Provided data>
┄┄┄┄┄┄┄┄┄┄

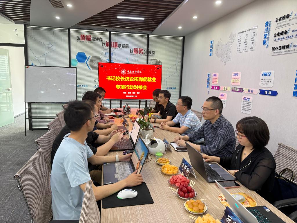 在谦圣科技总经理贺楹芯、品牌专员周望龙以及研发部门、企划部相关领导的带领下,张立副校长一行参观了谦圣科技公司基本情况,并就如何互相协作、互利互赢、学生就业等方面交流洽谈。
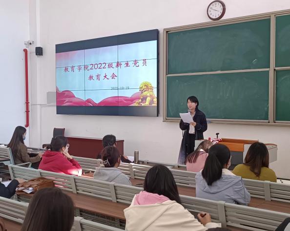 2022年10月19日下午,外围买球的app十大平台在1教121教室召开新生党员教育大会。学院分管副书记孟向红、2022级全体辅导员以及全体新生党员参加了会议,会议由学生支部书记任若晨主持。
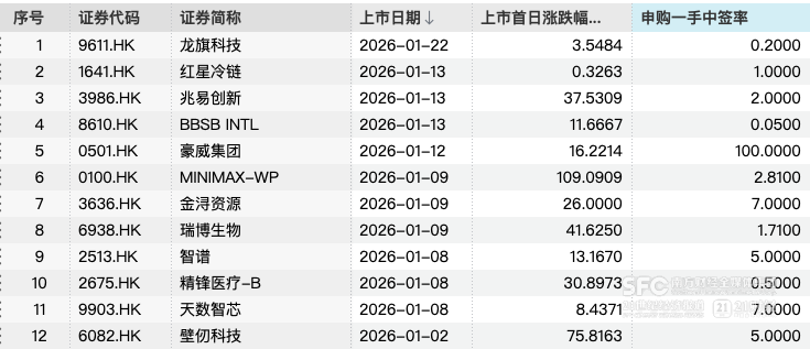 Wind数据显示,2026年开年以来,港股市场已有12家企业完成IPO,分别为壁仞科技、精锋医疗-B、天数智芯、智谱、MINIMAX-WP、金浔资源、瑞博生物、豪威集团、兆易创新、红星冷链、BBSB INTL、龙旗科技。行业高度集中于人工智能概念(7家),另有生物医疗(2家)。

┄┄┄┄┄┄┄┄┄┄

Work required> Return the listing above word for word, with the pictures removed.

Answer to the problem>
 在谦圣科技总经理贺楹芯、品牌专员周望龙以及研发部门、企划部相关领导的带领下,张立副校长一行参观了谦圣科技公司基本情况,并就如何互相协作、互利互赢、学生就业等方面交流洽谈。
 2022年10月19日下午,外围买球的app十大平台在1教121教室召开新生党员教育大会。学院分管副书记孟向红、2022级全体辅导员以及全体新生党员参加了会议,会议由学生支部书记任若晨主持。
 Wind数据显示,2026年开年以来,港股市场已有12家企业完成IPO,分别为壁仞科技、精锋医疗-B、天数智芯、智谱、MINIMAX-WP、金浔资源、瑞博生物、豪威集团、兆易创新、红星冷链、BBSB INTL、龙旗科技。行业高度集中于人工智能概念(7家),另有生物医疗(2家)。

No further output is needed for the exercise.